La robustez detrás de esa aparente fragilidad con las venas en la parte inferior de la planta organizadas como un sistema de contrafuertes “con vigas transversales y soportes” inspiraron a Paxton para un proyecto arquitectónico sin precedentes: el Palacio de Cristal, un magnífico castillo de hierro fundido y vidrio hecho para albergar la Gran Exposición de Londres en 1851.
A los ojos de los que la miraban, la construcción, llamada The Crystal Palace, parecía estar casi suspendida en el aire y sus líneas delicadas mantenían a todos boquiabiertos, casi temiendo su colapso en pleno Hyde Park. Pero salvo por el fuego que lo hizo arder en noviembre de 1936, se mantuvo de pie como símbolo de poder del imperio.

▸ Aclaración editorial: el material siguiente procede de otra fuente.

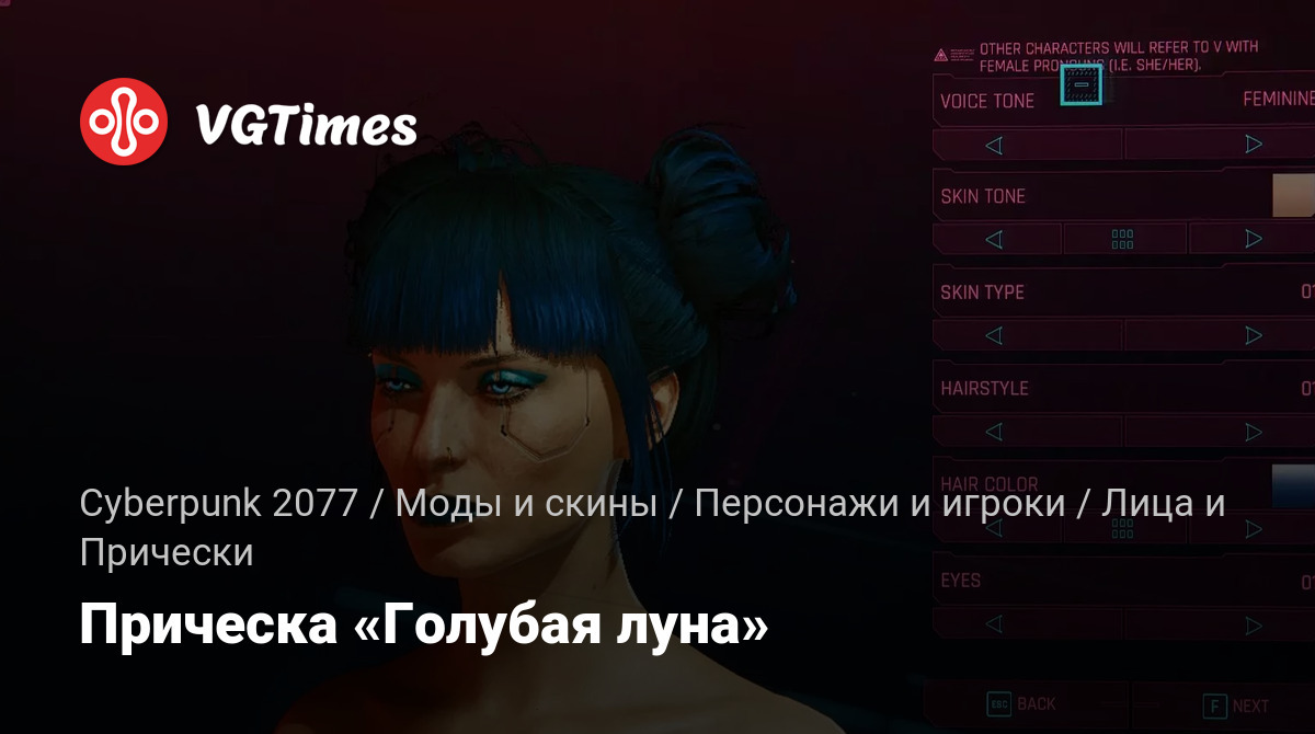Заменяет прическу 01 для Ви женского пола на прическу Голубая луна. Для установки перетащите папку с архивом в корневую папку с игрой Cyberpunk 2077, где у вас уже есть архивная папка.

El día de su inauguración la reina Victoria proclamó: “Este día es uno de los más grandes y gloriosos de nuestras vidas…”.
El muñequito de Jack flota sobre su hoja, en un estanque que es una pequeña versión del Amazonas, como lo hizo Annie Paxton en los jardines de Kew, sin saber que casi un siglo más tarde una niña rubia en un jardín de Olivos, en la Argentina, envidiaría su suerte.